**INFORMATION PROVIDED:**

----------------

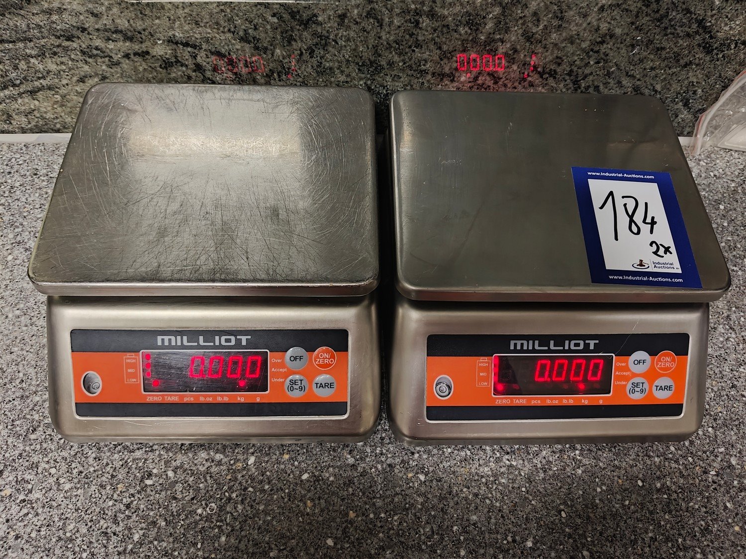 2 Milliot scales, model: SUPER-SS, max: 15 kg , d= 1 gram, 230 volt , 1 Ph, dimensions: (2x) 230 mm x 300 mm x 110 mm. Including battery. Kavel locatie: Ieperstraat 14, 8980 Zonnebeke, België
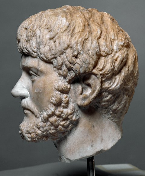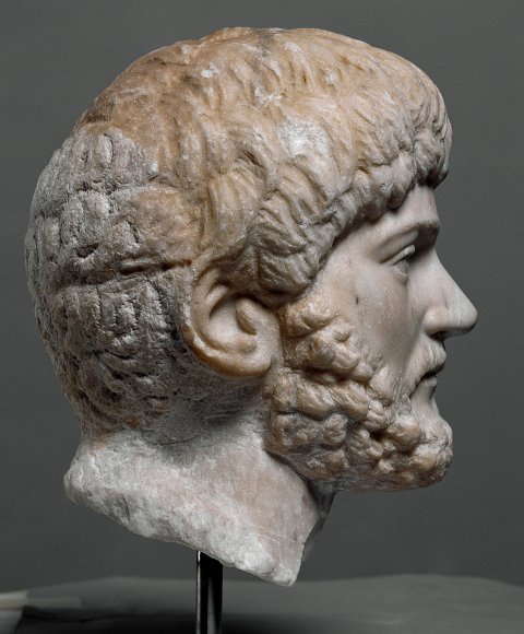 - Porträt eines jüngeren bärtigen Mannes mit mit dichtem kurz gesträhnten Haar
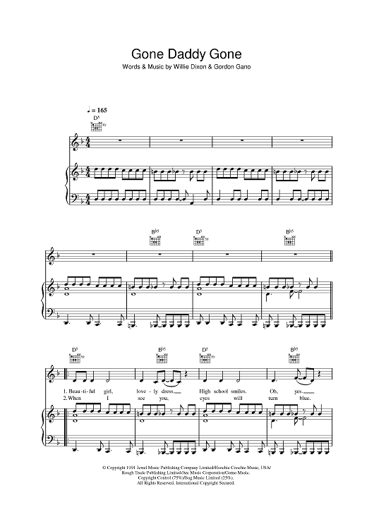 Digital Sheet Music for Gone Daddy Gone by Willie Dixon, Gnarls Barkley, Gordon Gano scored for Piano/Vocal/Chords; id:393619

----------------

**GOAL OF THE EXERCISE:**
Copy every line above exactly, leaving no picture in the copy.

**ANSWER FOR THE TASK:**
 2 Milliot scales, model: SUPER-SS, max: 15 kg , d= 1 gram, 230 volt , 1 Ph, dimensions: (2x) 230 mm x 300 mm x 110 mm. Including battery. Kavel locatie: Ieperstraat 14, 8980 Zonnebeke, België
 - Porträt eines jüngeren bärtigen Mannes mit mit dichtem kurz gesträhnten Haar
 Digital Sheet Music for Gone Daddy Gone by Willie Dixon, Gnarls Barkley, Gordon Gano scored for Piano/Vocal/Chords; id:393619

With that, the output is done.